Task data Block Start
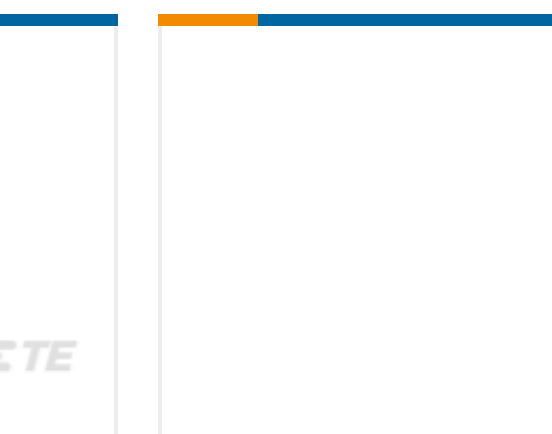
TE Part #1SNA166577R2000 CPT-2
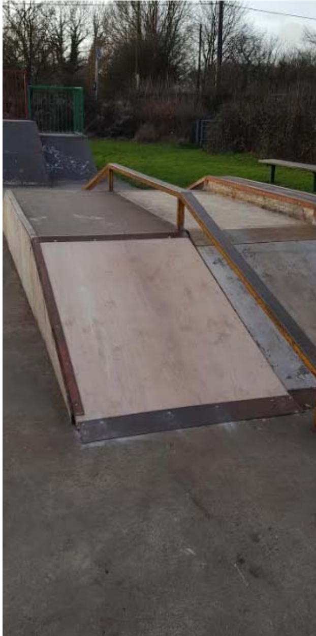
Panel replaced, will be faced in metal at a later stage
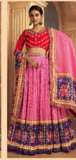
*** 2109 ***
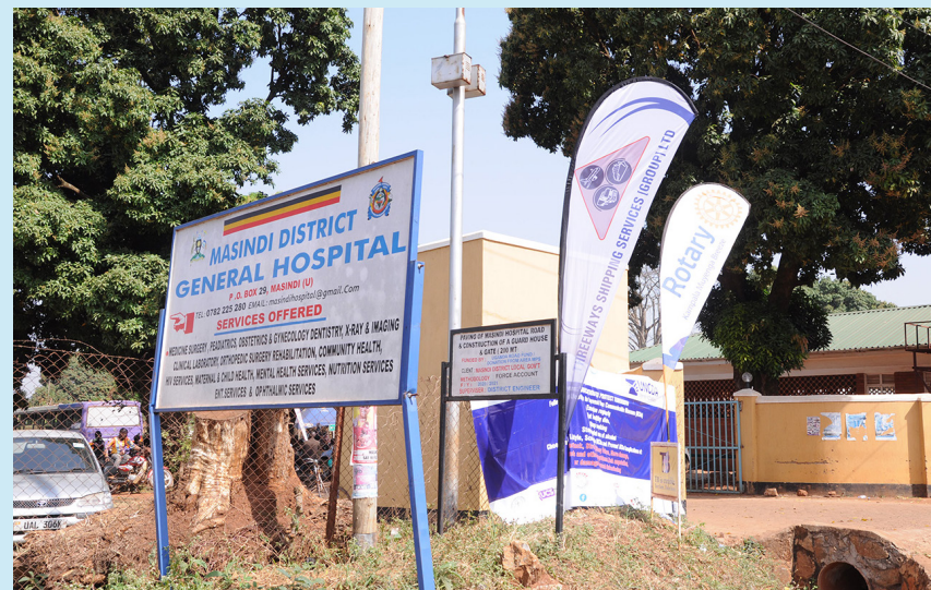
Medical Camp in Masindi in conjunction with Rotary Club Kampala Muyenga Breeze

We are grateful for these opportunities to engage with our stakeholders, promote growth, and give back to our community.
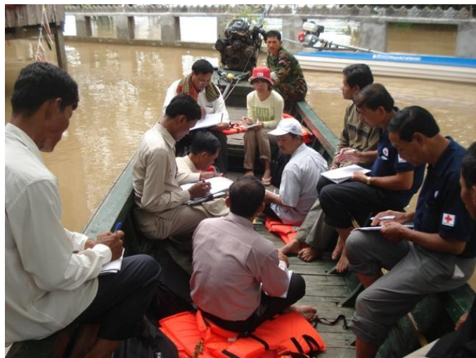
The rapid assessment team worked in the hardest-hit provinces of Kampong Thom and Prey Veng for three days, collecting data to assess the situation in order to develop the proposal for DREF funding.
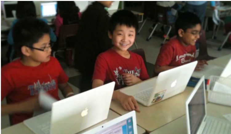
FIGURE 6. Working on MacBooks

the researcher, explaining the research and the activities the students engaged in throughout the study. This framework enabled us to better structure the documentary and kept us focused on our purpose, which was to make the research findings more accessible to the general public. The juxtaposition of the scholar speaking about the purpose of the research with various still shots and videoclips of the research project offers the audience a rich and more personal look into the research itself. Still images of the students engaged in learning activities (see Figure 6) are interwoven with the classroom teachers commenting on the project (see Figure 7).
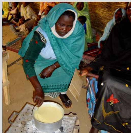
A woman prepares a meal in Mornei camp.

USAID partner Concern provides critical nutrition programs in the camp to combat the problem. Concern employs 300 community volunteers to survey the camp’s population for malnutrition. An outpatient therapeutic program refers patients with medical complications to the nearby clinic for treatment, while others are directed to the supplementary feeding center. From then on, patients come to the center twice a week for a distribution including oil, sugar, and corn-soya blend. The center treats an average of 250 malnourished children a month. ♦
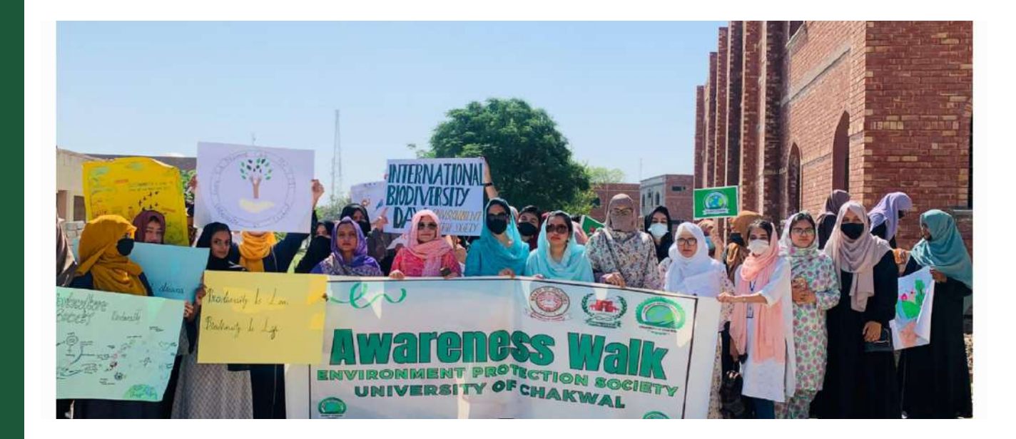
Fig. 1.6: Awareness Walk on World Biodiversity Day

On 22nd May 2024, the Environment Protection Society celebrated International Biodiversity Day with a biodiversity walk to raise awareness about conservation and sustainability while appreciating the beauty of nature.
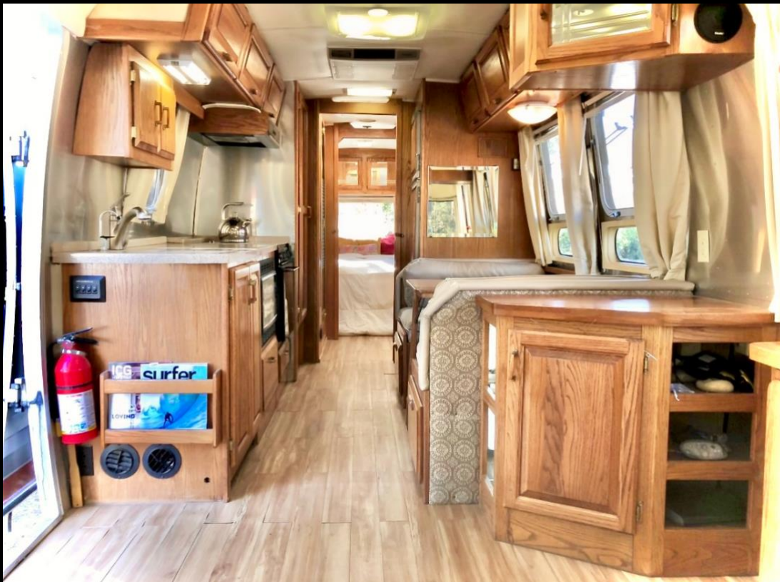
NORTH VIEW - living room
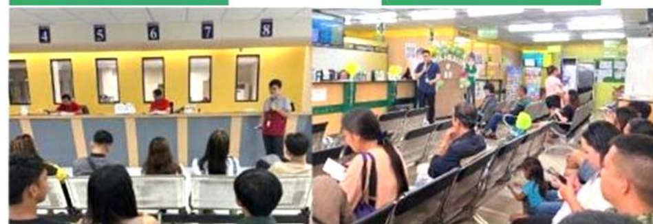
LHIO Lucena City
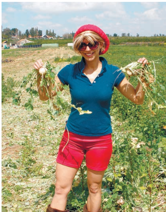
A participant on an Israel Way program picks radishes on a kibbutz

"We want to open eCamp to as many campers as possible," says Tamir. "After a successful pilot last summer we are now running eCamp Max, a special program for kids with Aspergers syndrome, PDD and high functioning autism. eCamp MAX really helps the campers
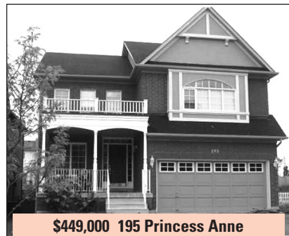
$449,000 195 Princess Anne
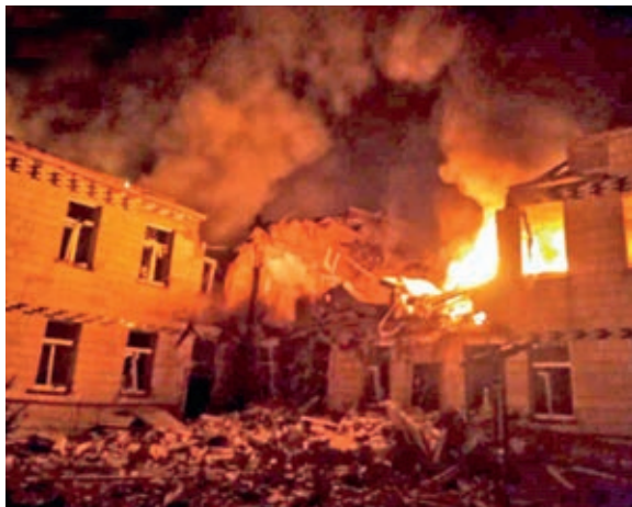
Flames of fire and smoke engulfed a building after a Russian attack in Krasnopillia, of Sumy region, in Ukraine, on Tuesday.

Zelenskyy said on Wednesday that the continued attacks showed Moscow's words did not match its actions, and that Russia was not ready for peace. He said the United States should be put in
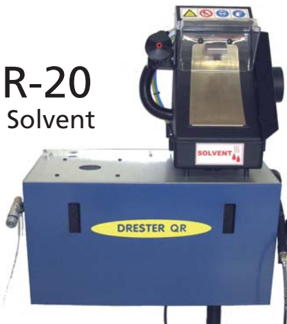
QR-20 for Solvent
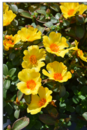
Mega Pazzaz Yellow Twist Portulaca flowers Photo courtesy of NetPS Plant Finder

Mega Pazzaz Yellow Twist Portulaca is recommended for the following landscape applications;
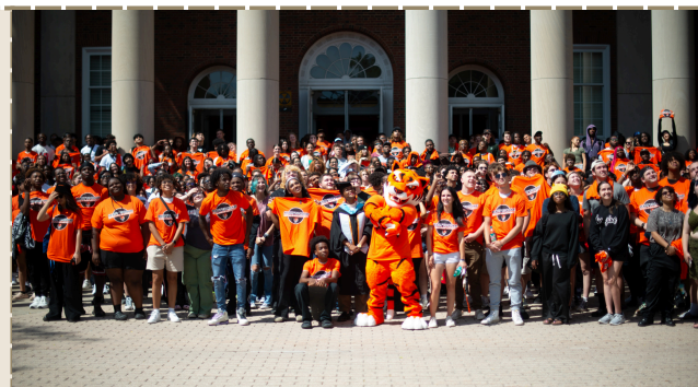
CLASS OF 2028 PHOTO

Homecoming events that celebrated students' strength, unity and connection to Buffalo State.
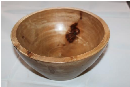
Hecter Fuentes – Eucalyptus
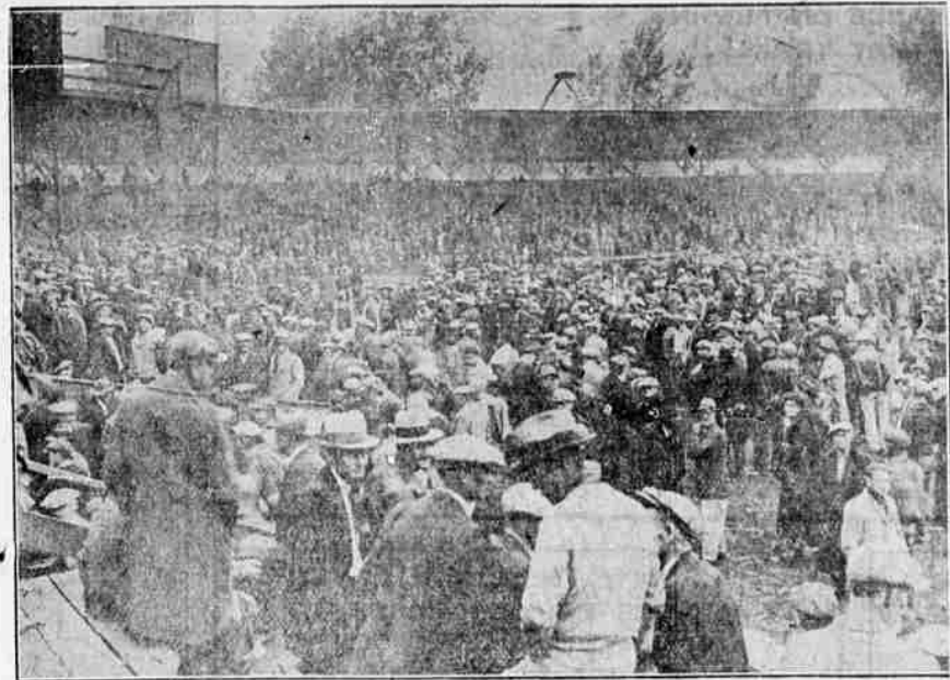
When thousands of members of the Progressive miners' union marched into Springfield, Ill., to protest against conditions in Illinois soft coal fields, they congregated in Springfield's baseball park.
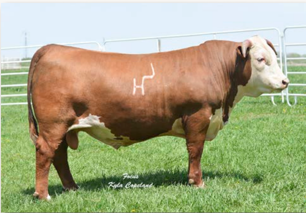
Reference Sire • HH Advance 2029Z ET
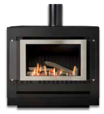
Stainless Steel on Black Freestanding Floor
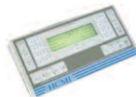
HF-30 Console with optional AP

Ideal for the budget minded practice, the HF-30 uses 20 kHz high frequency technology and provides full 30 kW power for general radiographic needs. The operator friendly console provides fast 2-point technique selection. An optional anatomical programming mode offers consistent, effortless images by fast, automatic technique selection.
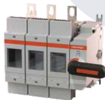
M200J30 with HDF200 200A, J fused, 3 poles on left side of direct handle
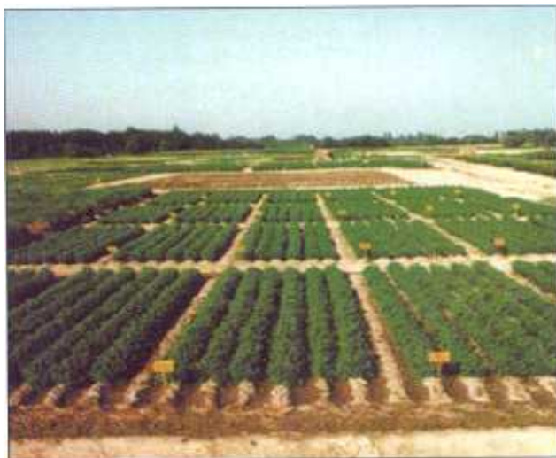
Evaluation of Iranian Lucerne Ecotypes

The activities of this department are based on the increasing demand for the seeds of recommended improved cultivars of different crops by the farmers. The department controls and supervises the seed
Task data Block End
**Task objective**
The stretch above running from the line with "When thousands of" through the line with "M200J30 with HDF200" is all you should copy, exactly, leaving out the pictures.

**Response below**
When thousands of members of the Progressive miners' union marched into Springfield, Ill., to protest against conditions in Illinois soft coal fields, they congregated in Springfield's baseball park.
Reference Sire • HH Advance 2029Z ET
Stainless Steel on Black Freestanding Floor
HF-30 Console with optional AP

Ideal for the budget minded practice, the HF-30 uses 20 kHz high frequency technology and provides full 30 kW power for general radiographic needs. The operator friendly console provides fast 2-point technique selection. An optional anatomical programming mode offers consistent, effortless images by fast, automatic technique selection.
M200J30 with HDF200 200A, J fused, 3 poles on left side of direct handle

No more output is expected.